The second room in Shin Kiwoun's exhibition
The second room in Shin Kiwoun’s exhibition (photo courtesy the artist)

Inside the second room, a more restful experience as we were asked to regress to our earliest infancy, lie down on the functional bed and look at the ceiling and the childish images being projected.

The third room
The third room (photo courtesy the artist)

The third cell recalled some of Nam June Paik’s works, particularly TV Buddha. But this installation was designed to be interactive rather than contemplated at a respectful distance. A candle was being videoed, and the image being projected onto the cell wall behind the candle. That image was itself captured in the video and projected back, resulting in an infinite regression as if you were looking into a corridor of mirrors.

The third room
The third room – the artist demonstrates some of the possible mirror effects with his hand (photo: LKL)
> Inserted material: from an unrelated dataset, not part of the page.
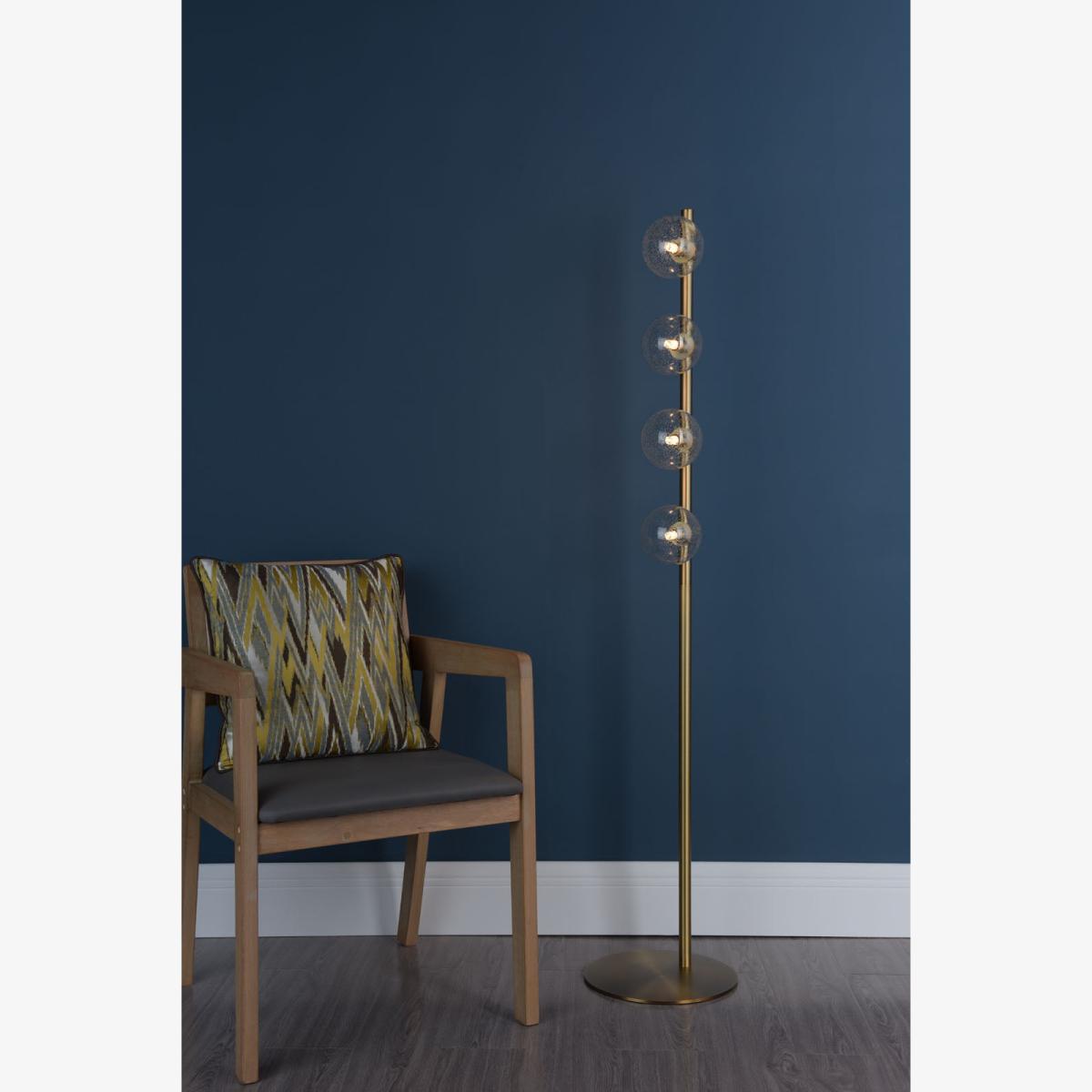 Is a striking contemporary piece that combines elegance with modern flair. Finished in warm brass and featuring four clear glass globe shades, this lamp delivers both style and sophistication, making it a stunning addition to any room. Its slim, vertical frame and minimalist design allow it to fit seamlessly into living rooms, bedrooms, or reading corners, while the multi-light feature provides a beautiful, even glow.

Add into the video circuit a time delay and a feature for flipping the image along its vertical axis and you had a set-up for endless amusement as you waved your hand gently in front of the camera trying for the best video effects on the wall.

The fourth room (photo courtesy the artist)
The fourth room (photo courtesy the artist)

After all the complexity and infinity encountered in the third room the fourth was the complete opposite: simple, bounded and confined.

Inside the box (photo courtesy the artist
Inside the box (photo courtesy the artist)

Through a hole cut in the side of a cardboard cookie box you had to peer into the darkness to see some images on a tablet computer – like poking your nose into a doll’s house.

So which room is Bates’s room? The truth is that they could all be: the ceramic tiles echo the famous shower scene; the venue itself recalls Marion’s paranoia about the police; the use of mirrors and reflections pays tribute to one of Hitchcock’s trademark techniques; and of course the exploration of the split personality, the sense of entrapment, and the regression to childhood are all themes which serve to make up one of the most iconic movies ever made.

Bates’s Room was at the Old Police Station 15 December 2015 – 5 January 2016.